Wednesday, December 15, 2021

Ignoring age and COVID risk is unscientific

I listened to a frustrating Sam Harris podcast about COVID policy yesterday. What struck me about these "expert" commentators was that they

  1. kept finding reasons to link COVID policy back to Trump, which was weird, and
  2. all but ignored the enormous age variation in COVID risk. 

Both these seem like popular ways of thinking, unfortunately. 

I want to comment briefly on the second issue. This should help explain why I support vaccinations for the elderly but feel strongly against vaccinating children, vaccine targets and mandates. 

The risk of serious illness or death with COVID is far more age-skewed than most viruses. In the below figure I show this skew. COVID is a serious disease for the elderly.



I also plot vaccine risks in the dashed orange. You might not be able to see it because it is so close to the axis. For age 70, the benefit-to-cost ratio of the vaccine is about 250x (i.e. the blue line is 250 times higher than the dashed orange line). A great outcome and something anyone would be foolish not to recommend. 

But exponential curves are deceiving. Let's zoom in on this curve for young age cohorts. I do this below (curve equation is 10^(-3.27 + 0.0524xage)). Notice now that we are way down near the vaccine risk. It's close. I show a broad range of risks and call this COVID curve the risk of serious illness. I do this because reality doesn't follow the neat equation I used to plot the curve and children are likely even lower risk than shown. 



In short, because the age skew of COVID risk is so severe, these huge many-hundred-times benefit-to-cost ratios can reverse at low ages so that the costs are many times the benefits. This is why so many doctors are calling for a halt to mandates for vaccinating children. 

We should let this well-known information about COVID guide us rather than politics and panic. 

3 comments:

  1. Where does your equation for the risk factors of Covid come from?
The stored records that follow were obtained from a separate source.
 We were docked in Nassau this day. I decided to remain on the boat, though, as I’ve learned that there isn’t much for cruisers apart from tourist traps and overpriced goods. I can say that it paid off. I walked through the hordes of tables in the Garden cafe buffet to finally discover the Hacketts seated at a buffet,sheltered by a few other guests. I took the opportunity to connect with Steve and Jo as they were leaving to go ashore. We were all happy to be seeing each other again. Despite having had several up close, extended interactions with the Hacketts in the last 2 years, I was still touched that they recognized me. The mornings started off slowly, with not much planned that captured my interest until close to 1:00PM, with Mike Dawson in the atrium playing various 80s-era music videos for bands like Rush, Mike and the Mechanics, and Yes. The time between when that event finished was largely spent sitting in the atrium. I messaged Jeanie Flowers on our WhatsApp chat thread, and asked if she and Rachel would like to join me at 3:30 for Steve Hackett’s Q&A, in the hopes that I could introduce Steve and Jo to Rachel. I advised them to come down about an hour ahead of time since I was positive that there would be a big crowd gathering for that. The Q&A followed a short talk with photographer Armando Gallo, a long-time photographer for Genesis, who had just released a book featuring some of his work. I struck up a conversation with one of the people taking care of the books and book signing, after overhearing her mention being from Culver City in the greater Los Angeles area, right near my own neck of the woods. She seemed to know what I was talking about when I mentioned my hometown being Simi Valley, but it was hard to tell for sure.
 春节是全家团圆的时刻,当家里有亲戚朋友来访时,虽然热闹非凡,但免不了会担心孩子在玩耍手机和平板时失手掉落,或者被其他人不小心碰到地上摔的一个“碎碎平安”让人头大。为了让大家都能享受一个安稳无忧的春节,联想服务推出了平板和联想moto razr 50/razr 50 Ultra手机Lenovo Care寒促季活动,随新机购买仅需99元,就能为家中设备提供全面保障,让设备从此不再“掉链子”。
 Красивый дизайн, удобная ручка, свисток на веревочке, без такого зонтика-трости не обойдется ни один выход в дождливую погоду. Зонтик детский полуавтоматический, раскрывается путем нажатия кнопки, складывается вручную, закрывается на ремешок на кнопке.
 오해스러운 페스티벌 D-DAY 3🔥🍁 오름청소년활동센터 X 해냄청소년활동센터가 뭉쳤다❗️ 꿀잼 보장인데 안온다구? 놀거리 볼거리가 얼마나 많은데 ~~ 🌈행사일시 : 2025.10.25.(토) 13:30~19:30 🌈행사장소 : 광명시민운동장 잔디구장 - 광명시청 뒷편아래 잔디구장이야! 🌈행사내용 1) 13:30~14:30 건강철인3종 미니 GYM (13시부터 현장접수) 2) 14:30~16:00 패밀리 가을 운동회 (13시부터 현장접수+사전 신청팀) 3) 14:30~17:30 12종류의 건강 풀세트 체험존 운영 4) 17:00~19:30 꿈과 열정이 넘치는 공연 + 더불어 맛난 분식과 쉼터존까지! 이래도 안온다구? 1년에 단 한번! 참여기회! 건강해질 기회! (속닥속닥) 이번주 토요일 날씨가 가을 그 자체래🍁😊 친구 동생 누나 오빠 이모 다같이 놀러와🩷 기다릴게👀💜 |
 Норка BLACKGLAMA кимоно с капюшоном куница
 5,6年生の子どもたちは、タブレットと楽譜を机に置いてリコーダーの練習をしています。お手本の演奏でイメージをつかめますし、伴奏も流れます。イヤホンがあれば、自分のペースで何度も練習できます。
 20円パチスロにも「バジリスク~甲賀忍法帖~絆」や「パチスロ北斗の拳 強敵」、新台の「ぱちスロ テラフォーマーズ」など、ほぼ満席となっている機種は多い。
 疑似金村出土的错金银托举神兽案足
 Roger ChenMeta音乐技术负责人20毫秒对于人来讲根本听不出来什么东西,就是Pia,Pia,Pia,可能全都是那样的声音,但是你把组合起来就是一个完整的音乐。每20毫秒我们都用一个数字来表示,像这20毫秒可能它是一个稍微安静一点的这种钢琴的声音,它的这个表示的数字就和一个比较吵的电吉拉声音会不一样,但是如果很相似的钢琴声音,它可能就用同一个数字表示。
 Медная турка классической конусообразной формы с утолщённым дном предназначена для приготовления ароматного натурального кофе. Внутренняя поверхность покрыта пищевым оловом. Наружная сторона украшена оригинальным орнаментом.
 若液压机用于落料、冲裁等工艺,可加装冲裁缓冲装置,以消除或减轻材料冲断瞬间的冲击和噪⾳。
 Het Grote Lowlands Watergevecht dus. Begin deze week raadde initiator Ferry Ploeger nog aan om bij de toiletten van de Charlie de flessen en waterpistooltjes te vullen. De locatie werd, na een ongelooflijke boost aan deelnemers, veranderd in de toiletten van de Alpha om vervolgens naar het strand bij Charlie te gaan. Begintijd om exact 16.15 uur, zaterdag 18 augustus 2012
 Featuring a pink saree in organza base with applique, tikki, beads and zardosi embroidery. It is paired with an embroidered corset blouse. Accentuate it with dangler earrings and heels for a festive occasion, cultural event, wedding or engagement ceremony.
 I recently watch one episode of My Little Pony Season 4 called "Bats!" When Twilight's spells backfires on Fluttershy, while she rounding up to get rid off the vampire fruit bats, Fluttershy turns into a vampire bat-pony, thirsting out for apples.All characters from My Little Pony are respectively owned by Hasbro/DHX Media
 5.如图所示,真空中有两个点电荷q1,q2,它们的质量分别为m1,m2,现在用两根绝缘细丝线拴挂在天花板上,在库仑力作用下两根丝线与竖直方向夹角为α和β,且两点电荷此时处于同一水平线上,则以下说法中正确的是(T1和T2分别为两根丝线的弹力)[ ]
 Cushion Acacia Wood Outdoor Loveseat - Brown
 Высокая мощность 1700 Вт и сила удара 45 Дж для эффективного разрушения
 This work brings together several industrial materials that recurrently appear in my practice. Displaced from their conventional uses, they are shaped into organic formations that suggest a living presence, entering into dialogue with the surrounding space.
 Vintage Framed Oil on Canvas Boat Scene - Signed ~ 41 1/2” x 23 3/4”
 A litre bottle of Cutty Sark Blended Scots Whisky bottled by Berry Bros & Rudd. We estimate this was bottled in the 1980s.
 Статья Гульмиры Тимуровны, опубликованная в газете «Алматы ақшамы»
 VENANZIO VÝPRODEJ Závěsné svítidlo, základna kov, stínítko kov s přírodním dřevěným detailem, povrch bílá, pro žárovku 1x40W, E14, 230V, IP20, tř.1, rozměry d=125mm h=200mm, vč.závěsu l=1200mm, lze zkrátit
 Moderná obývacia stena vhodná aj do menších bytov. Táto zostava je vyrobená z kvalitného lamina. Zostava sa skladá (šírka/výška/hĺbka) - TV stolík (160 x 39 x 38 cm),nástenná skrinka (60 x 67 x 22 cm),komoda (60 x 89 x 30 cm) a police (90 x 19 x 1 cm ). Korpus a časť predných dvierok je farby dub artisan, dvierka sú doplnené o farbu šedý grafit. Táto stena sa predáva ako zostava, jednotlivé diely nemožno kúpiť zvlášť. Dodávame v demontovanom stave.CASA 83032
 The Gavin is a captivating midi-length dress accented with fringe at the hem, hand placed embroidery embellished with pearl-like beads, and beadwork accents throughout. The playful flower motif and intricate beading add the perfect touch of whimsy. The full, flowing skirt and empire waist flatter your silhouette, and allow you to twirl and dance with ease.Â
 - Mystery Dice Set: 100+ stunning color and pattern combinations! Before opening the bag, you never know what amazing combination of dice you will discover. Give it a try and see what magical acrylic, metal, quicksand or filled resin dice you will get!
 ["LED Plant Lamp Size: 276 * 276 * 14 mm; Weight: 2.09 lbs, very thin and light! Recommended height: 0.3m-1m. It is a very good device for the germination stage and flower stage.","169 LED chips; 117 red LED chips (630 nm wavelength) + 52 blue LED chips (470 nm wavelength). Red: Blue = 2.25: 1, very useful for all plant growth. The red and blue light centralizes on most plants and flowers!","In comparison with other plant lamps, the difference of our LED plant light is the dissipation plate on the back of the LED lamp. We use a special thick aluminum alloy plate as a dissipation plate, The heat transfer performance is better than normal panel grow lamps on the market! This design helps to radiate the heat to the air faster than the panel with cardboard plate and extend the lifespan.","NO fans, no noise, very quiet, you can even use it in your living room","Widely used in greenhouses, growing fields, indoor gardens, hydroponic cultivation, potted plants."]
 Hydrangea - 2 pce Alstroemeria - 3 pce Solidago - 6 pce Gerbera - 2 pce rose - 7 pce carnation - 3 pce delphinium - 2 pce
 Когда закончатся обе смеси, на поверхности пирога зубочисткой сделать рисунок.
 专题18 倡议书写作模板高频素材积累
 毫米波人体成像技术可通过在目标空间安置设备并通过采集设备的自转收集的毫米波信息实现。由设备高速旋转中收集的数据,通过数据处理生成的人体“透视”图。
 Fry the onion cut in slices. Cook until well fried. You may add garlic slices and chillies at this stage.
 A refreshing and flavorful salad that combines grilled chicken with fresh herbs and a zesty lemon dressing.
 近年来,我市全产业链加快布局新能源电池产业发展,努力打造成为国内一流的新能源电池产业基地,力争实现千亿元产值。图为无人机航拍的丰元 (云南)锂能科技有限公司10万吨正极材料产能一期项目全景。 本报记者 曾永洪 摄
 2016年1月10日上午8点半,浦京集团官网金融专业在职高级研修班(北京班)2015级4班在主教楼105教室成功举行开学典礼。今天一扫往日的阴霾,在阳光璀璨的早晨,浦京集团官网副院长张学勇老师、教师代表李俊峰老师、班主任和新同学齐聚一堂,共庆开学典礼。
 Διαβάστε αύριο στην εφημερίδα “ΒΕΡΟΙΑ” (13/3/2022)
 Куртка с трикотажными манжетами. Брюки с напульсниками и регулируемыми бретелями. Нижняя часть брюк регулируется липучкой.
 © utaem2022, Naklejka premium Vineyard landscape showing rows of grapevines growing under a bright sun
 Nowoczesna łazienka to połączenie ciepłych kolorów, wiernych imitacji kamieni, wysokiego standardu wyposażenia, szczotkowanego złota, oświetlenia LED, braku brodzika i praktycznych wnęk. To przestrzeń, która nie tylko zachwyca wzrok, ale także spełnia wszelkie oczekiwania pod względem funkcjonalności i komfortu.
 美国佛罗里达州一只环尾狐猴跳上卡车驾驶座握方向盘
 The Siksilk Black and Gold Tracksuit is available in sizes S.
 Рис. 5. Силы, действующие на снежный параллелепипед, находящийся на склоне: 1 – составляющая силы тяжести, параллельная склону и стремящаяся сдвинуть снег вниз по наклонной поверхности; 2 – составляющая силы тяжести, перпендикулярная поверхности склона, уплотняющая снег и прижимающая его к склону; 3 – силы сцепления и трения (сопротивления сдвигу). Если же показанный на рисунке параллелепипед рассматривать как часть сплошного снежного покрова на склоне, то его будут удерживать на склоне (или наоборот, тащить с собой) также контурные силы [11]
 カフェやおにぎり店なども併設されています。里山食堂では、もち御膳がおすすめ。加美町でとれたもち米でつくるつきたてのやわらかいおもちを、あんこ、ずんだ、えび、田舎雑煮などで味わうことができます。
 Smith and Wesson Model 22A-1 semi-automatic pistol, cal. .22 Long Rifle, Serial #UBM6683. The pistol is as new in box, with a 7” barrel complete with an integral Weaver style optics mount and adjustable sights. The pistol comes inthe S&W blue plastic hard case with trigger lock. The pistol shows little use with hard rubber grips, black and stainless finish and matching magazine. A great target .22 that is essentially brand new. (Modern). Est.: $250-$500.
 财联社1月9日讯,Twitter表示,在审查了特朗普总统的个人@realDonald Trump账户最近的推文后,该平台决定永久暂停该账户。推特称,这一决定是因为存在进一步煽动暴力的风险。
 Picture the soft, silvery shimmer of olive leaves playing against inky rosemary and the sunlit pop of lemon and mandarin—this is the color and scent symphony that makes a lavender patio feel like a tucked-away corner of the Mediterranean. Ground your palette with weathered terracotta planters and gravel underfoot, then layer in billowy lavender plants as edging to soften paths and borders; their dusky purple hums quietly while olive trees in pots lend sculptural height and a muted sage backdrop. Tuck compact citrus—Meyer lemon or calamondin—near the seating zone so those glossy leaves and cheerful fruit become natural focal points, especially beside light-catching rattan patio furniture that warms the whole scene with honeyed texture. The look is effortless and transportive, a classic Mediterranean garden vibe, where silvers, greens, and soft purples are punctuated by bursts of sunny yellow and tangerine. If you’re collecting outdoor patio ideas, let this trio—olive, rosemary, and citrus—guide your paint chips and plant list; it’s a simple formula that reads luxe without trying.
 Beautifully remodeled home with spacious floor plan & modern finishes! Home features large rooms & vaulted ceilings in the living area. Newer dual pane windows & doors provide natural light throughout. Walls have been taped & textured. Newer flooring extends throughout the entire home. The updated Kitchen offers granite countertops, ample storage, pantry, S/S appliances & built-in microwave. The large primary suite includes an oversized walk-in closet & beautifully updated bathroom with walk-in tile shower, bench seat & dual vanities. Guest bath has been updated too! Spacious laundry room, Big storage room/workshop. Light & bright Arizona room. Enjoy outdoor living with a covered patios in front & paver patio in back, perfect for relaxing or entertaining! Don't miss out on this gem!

    Compare to the CDC page here:
    https://www.cdc.gov/coronavirus/2019-ncov/vaccines/recommendations/children-teens.html
    "There are approximately 28 million children between the ages of 5 and 11 years old in the United States, and there have been nearly 2 million cases of COVID-19 within this age group during the pandemic. COVID-19 can make children very sick and cause children to be hospitalized. In some situations, the complications from infection can lead to death."

    "As of mid-October 2021, children ages 5 through 11 years have experienced more than 8,300 COVID-19 related hospitalizations and nearly 100 deaths from COVID-19. In fact, COVID-19 ranks as one of the top 10 causes of death for children ages 5 through 11 years."

    From link 8300 / 2million give 0.4% hospitalization rate for children. The equation in the article is showing 100x less serious disease in this age group. Admittedly a large number of childrens covid cases will not have been officially reported, but surely more than 1 in 100.

    Also from the USA for approx 20million children 5-11 they have administered approx 6.5million first doses and 3million second doses. So far only about 14 or so incidences of serious side effects reported. Side effects more oommon after second dose(2-3x), many countries including Australia delaying second dose to reduce this downwards. Rates of side effects so far are far below teenage vaccine as it is reformulated at a lower dose and different buffer to be more stable at higher temps.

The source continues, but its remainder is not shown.